As the frequency of hackings has increased, so is the likelihood that you will also be involved.  You may feel that you're a sitting duck in this scenario, because, after all, even though you have been most responsible and have put every security measure of which you are aware in place, you still have no control if your data is breached due to cyber criminal activity involving a third party (EX: Target or Blue Cross).

That is not exactly accurate.  As I've mentioned before in previous blogs, while it IS true that, if someone is specifically bound and determined to compromise your security, they will eventually succeed, the chances of this scenario happening are very small.  Odds are MUCH greater that if your information is compromised, it will be the result of a third party hacking.  And in this case, here is what you can do to increase your chances of NOT becoming a victim.

It bears repeating...The more deterrents in place, the less likely you become a cyber criminal victim.

Common sense tells you, if your information is too difficult to "decode", just like a burglar to a house that has too many security features, a cyber criminal will move on to an easier target.

So, here are a few suggestions to try that might insure your personal "technological security"

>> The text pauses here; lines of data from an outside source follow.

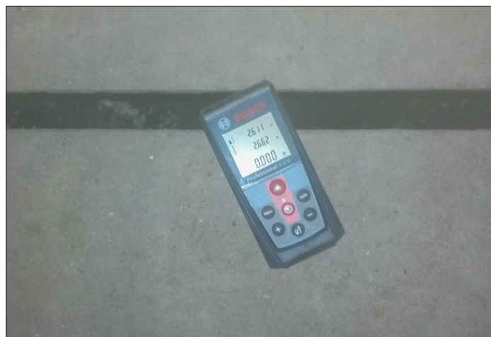
Figure 1. An example of a electronic laser to measure free-board in a hog barn pit.

As any 8 year old boy will attest, a better alternative to the stick is a "laser" (Figure 1).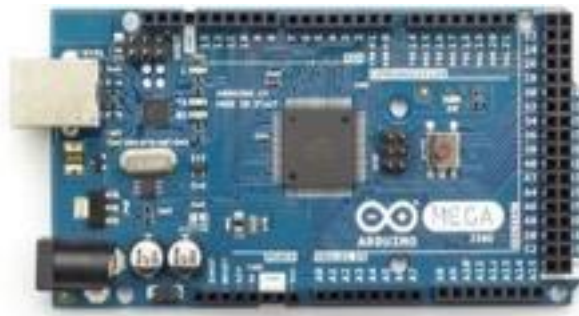
Figure 4. Arduino Mega 2560(R3) (Ashwini, 2016).

It is a microcontroller board depend on the ATmega2560 with 54 digital input/output pins connection, USP connected by PC with AC-DC adapter, and a reset switch. So The Mega is compatible board (Ashwini., 2016). These electronic boards provide a flexible working memory space and are the largest power and processing that allows to work with different types of sensors without delay and are used in complex projects such as temperature sensing, 3D printers, IOT applications, and radon detectors.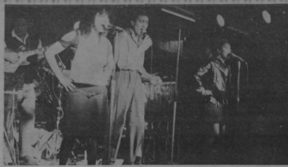
42nd Street, Club New York.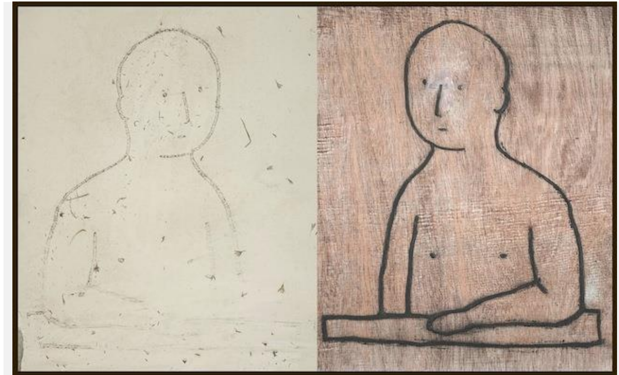
Lam Tung Pang, 'Two Sides of One Body (1)', 2016, charcoal on handmade paper and wooden panel, 45 x 74 cm.

The exhibition draws attention to the medium of printmaking, which is neglected in Hong Kong in favour of ink painting and installation art amidst the current art scene. Art Radar finds out more about the work of the artists on show.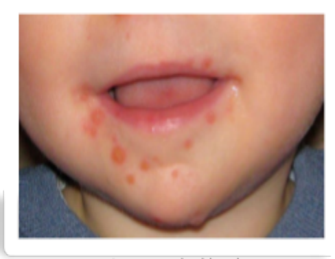
HFMD in 11-month-old male

Treatments for HFMD focus is on providing comfort, relieving pain, preventing dehydration, and strengthening the immune system. Ionic Silver is an immune system stimulator as it disrupts viruses [1,2].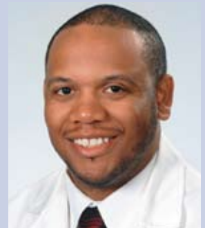
MEET THE DOCTOR

Plus, don't use bad judgement, such as poor eating habits or not following up with chronic conditions, in order to deal with the stress of the economic downturn. Saving money on the front end will cost you more on the back end. We can't afford to take our health for granted.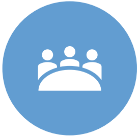
COMMITTEE OF EXPERTS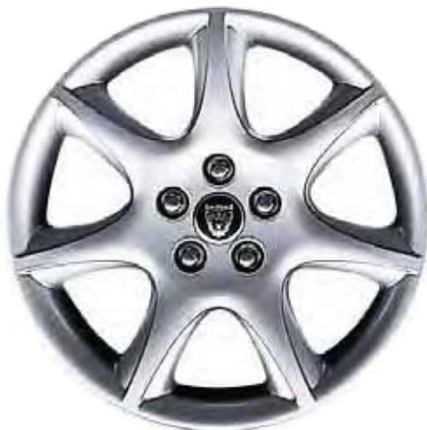
JUNO 17" XR8 31511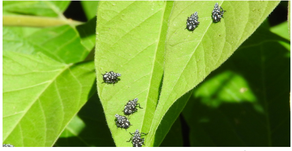
The black and white nymphs as they appear after hatching in the spring until their third molt in midsummer.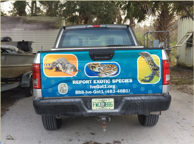
Water Matters Day, Tree Tops Park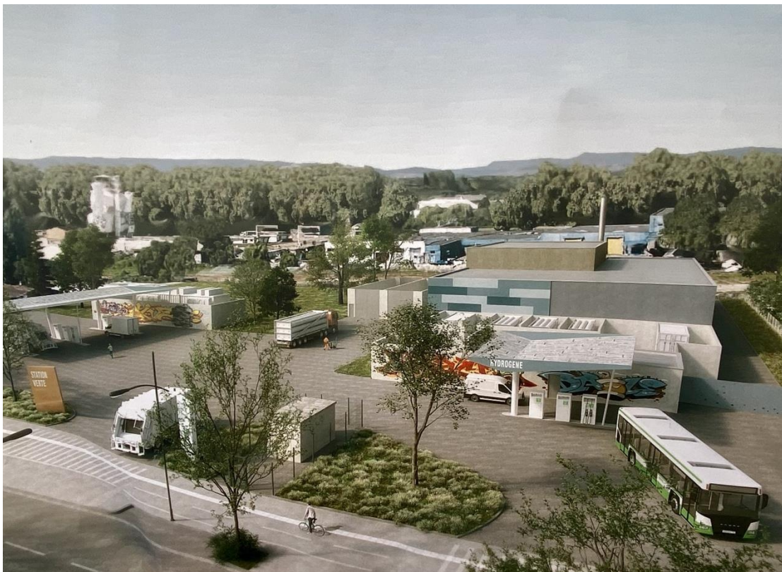
Photo 6. Photorealistic representation of the R-Hynoca station

The H2MA project is co-funded by the European Union through the Interreg Alpine Space programme

  1. Use strong, complicated passwords.                                                                         The more complicated they are, with a mixture of letters, caps and symbols, the less likely your passwords can be decoded.                                                                                           
  2. Use a unique password in every new account or service.  DO NOT recycle your passwords.                                                                                                            
  3. Change your passwords often.                                                                                    
  4. Don't use Social Security numbers, phone numbers, addresses, or other personally identifiable information as passwords.                                                   
  5. Decide what you define as Personally Identifiable Information (PII). ComputerWorld asks six privacy experts for their recommendations for protecting data in the modern digital age. "'The traditional definition of personally identifying information (PII) -- health records, credit card numbers, social security number, etc. -- is so 20th century. The big data age of the Internet is upon us, and even data not previously considered to be PII can feel very personal when viewed in a broader context. 'Bits of data, when combined, tell a lot about you,' says Alex Fowler, chief privacy officer at Mozilla. Those aggregated bits, which constitute the new PII, may include such information as your email address, browsing history and search history. 'The definition of PII -- information that a person has a legitimate interest in understanding and protecting -- is going to be broadened as we move further into the information society,' says Fowler. 'It's a different footprint than what your parents ever thought about. Think about what you consider personal information,' Fowler adds. 'You need a working definition."
  6.  Watch out for theft of your government-issued identification numbers.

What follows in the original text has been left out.